Реку Одер переходили по какому-то узенькому дощатому мостику. В реке плавало очень много трупов. Вода в реке казалась какой-то красной. А течение, помню, было очень быстрое.
День Победы мы встретили в какой-то деревне, пустой от немцев. Немцы убегали от русских, так очень сильна была пропаганда Геббельса.
За Одером, на какой-то станции, мы сели в товарняк (скот везли из Германии) до Бреста. В Бресте была медкомиссия. Из семерых нас только трое уехали до Киева. Четверых девушек, постарше нас, оставили сопровождать и доить коров.

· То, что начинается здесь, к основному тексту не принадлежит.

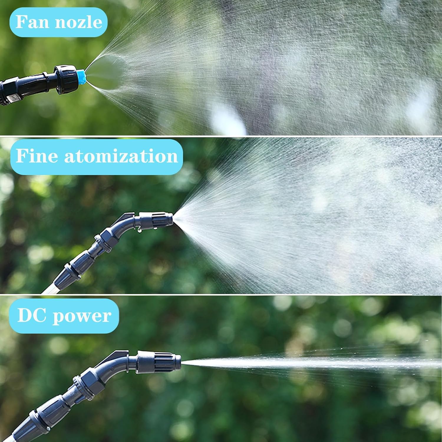 Verstellbare Düse: Der Akku-Gartensprüher umfasst 3 Düsen: eine Sektordüse, eine verstellbare Messingdüse und eine leistungsstarke verstellbare 6-Loch-Düse. Mit 5 verschiedenen Sprühmustern können Sie problemlos zwischen Nebel- und Wasserstrahlmodus wechseln, um empfindliche Pflanzen zu bewässern, Ihren Rasen zu pflegen, Unkrautvernichter zu beseitigen oder Ihr Zuhause zu reinigen. Durch Einstellen des Düsenmodus kann die Verwendung der Sprühdose weiter erweitert werden, um unterschiedlichen Arbeitsanforderungen gerecht zu werden

Домой приехала 22 мая, утром на станцию Иолча. Может, за один час, не помню, я пробежала расстояние 20 км. Потому что утром была дома в Жарах.
Очень хотелось учиться. До войны окончила 5 классов. Все мои сверстники уже закончили семилетку. Меня приняли в 6-й класс. Многие насмехались: «Невеста, а ходит в шестой класс».

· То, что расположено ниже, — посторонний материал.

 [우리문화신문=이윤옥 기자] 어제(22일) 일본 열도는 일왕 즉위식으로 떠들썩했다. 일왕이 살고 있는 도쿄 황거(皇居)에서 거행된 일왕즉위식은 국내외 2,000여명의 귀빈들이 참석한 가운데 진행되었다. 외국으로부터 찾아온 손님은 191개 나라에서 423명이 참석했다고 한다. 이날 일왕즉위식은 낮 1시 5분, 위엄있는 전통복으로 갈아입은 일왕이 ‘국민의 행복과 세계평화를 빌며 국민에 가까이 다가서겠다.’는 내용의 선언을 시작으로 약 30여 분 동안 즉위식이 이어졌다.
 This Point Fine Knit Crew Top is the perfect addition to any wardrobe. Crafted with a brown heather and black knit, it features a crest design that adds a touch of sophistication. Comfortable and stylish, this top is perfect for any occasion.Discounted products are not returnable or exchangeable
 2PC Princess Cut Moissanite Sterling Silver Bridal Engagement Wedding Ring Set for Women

Со временем всё уладилось. Окончила 7 классов в 1947 году. Вот тут-то и начались все проблемы. Поступить никуда не могу – Германия. Пошла на обман. При заполнении карточек в графе «Был ли за границей ты или кто-то из родственников» я ставила прочерк. И таким образом я окончила заочно Мозырское педучилище, а потом и пединститут. Проработала на ниве просвещения 41 год. Начинала пионервожатой в Верхнежаровской семилетней школе. Директором был Иван Прокофьевич Кацуба, который рекомендовал меня на эту работу, не побоялся взять к себе в школу. Помог определиться в жизни, найти свою дорожку. Низкий поклон его памяти.

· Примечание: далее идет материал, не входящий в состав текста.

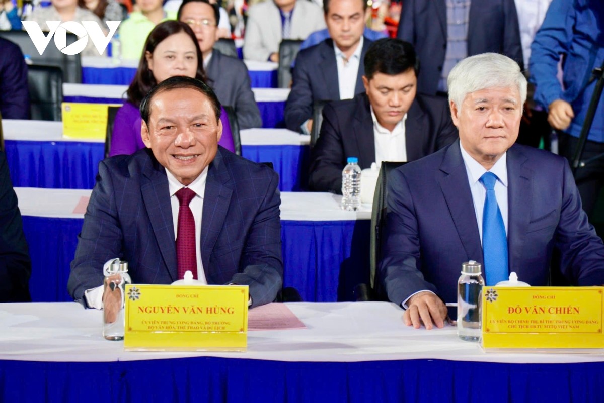 Tham dự lễ khai mạc có Ủy viên Bộ Chính trị, Bí thư Trung ương Đảng, Chủ tịch Ủy ban Trung ương Mặt trận Tổ quốc Việt Nam Đỗ Văn Chiến; Ủy viên Trung ương Đảng, Bộ trưởng Bộ Văn hóa, Thể thao và Du lịch Nguyễn Văn Hùng. |

Прошли годы… Десятилетия… Не раз появлялось желание написать в Германию, подать весточку о себе, узнать как мои хозяева. Когда я уезжала, хозяин очень просил сообщить о себе, когда приеду домой. Уверен был, что еду на пепелище. Все втроём провожали меня. Давно нет в живых моих старых хозяев. Встретиться довелось только с Эмми Вилигала, в марте 1994 года, когда она приехала ко мне в гости. Перед этим я написала письмо в Германию на свой старый адрес. Оказалось, что Эмми проживает в той же деревне, в том же доме. До перестроечного времени боялась писать, думала, что это территория ФРГ. Оказывается потом американцы на 30 км отступили назад, отдав эту территорию русским. Так мне пояснила Эмми. Деревня Гросслаш входила в состав ГДР. Эмми рассказывала, что отец, будучи тяжело больным, говорил, что Надя погибла, не доехала, раз от неё нет никаких вестей. Это говорит о том, что среди немцев были тоже разные люди. И по-разному относились к нам, русским. А связаться со своими хозяевами я боялась, потому что это запрещалось. В своё время я смогла и работы лишиться за это, и получить громкую огласку. В 1994 году, получив моё письмо, Эмми очень захотела встретиться со мной. Ей представилась возможность приехать с группой немцев от фонда «Детям Чернобыля». Встретились через 49 лет. Друг друга, конечно, трудно было узнать. Но эта встреча была очень желанной для нас обоих. Эмми рассказывала, что её провожала вся деревня и все передавали привет. В истории этой деревни такого не было, чтобы к бывшей рабыне-иностранке в гости ездили хозяева. Пробыла она у меня 2 дня. Многое вспоминали, многое переговорили.

Меня реабилитировали, я получила удостоверение на право пользования льготами, установленными для бывших несовершеннолетних узников Великов Отечественной войны.
Много изменилось со времени войны. Было две Германии, теперь снова одна. Распался могучий СССР – победитель фашизма. Но надо помнить, что не все немцы – фашисты, и не все, кто находился на оккупированной территории – приспешники немецкой власти, как считалось во времена Сталина. Всегда были и есть разные люди. Но «Настоящих» людей с большой буквы всегда больше.
Ужасы Второй Мировой войны не должны повториться. Фашизм не должен возродиться. А настоящему и будущему своему поколения я бы пожелала любить и ценить ту землю, которая вскормила, воспитала – Родину, за которую столько пролито крови вашими предками. Помните это всегда.